I agree that connection failures should not be ignored even when
--continue-on-error is specified.
For now, I’m not sure if other cases would cause issues, so the updated patch
explicitly checks the connection status and emits an error message when the
connection is lost.
>
>
> + * Without --continue-on-error:
> *
> * failed (the number of failed transactions) =
> * 'serialization_failures' (they got a serialization error and were not
> * successfully retried) +
> * 'deadlock_failures' (they got a deadlock error and were not
> * successfully retried).
> *
> + * With --continue-on-error:
> + *
> + * failed (number of failed transactions) =
> + * 'serialization_failures' + 'deadlock_failures' +
> + * 'other_sql_failures' (they got some other SQL error; the transaction
> was
> + * not retried and counted as failed due to --continue-on-error).
>
> About the comments on failed transactions: I don't think we need
> to split them into separate "with/without --continue-on-error" sections.

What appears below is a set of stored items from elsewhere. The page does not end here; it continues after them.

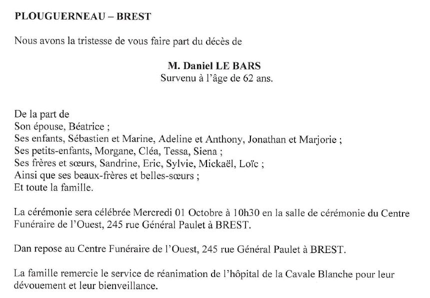 Cet espace « condoléances » est dédié à la mémoire de Monsieur Daniel LE BARS.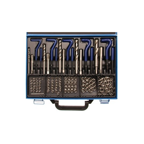 Menetjavítás professzionális szinten; HSS-G acél fúrószárakkal; Szortírozós kofferben. A készlet tartalma: 5 db HSS-G menetfúró 5 db HSS-G csigafúró 5 db speciális beszerelő szerszám 5 db csaptörő 110 db menetes persely az alábbi összeállításban: 25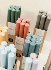 The Candle Long is available in many different colours and burns for 18-20 hours.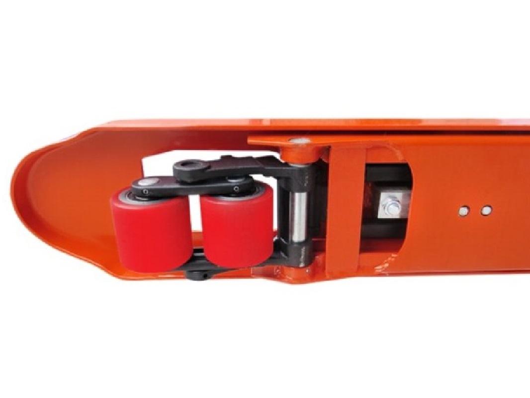 Наличие весов позволяет экономить пространство, время и подбирать грузы для транспортировки по массе. Корпус выполнен из прочной стали, а вилы оснащены роликами, что обеспечивает комфортную работу даже на небольших неровностях пола. Удобная ручка имеет покрытие, устойчивое к низким температурам, что делает использование тележки удобным в любое время года.

> How about simplifying them like this?
>
>
> ------------------------
> * failed (the number of failed transactions) =
> * 'serialization_failures' (they got a serialization error and were not
> * successfully retried) +
> * 'deadlock_failures' (they got a deadlock error and were not
> * successfully retried) +
> * 'other_sql_failures' (they failed on the first try or after retries
> * due to a SQL error other than serialization or
> * deadlock; they are counted as a failed transaction
> * only when --continue-on-error is specified).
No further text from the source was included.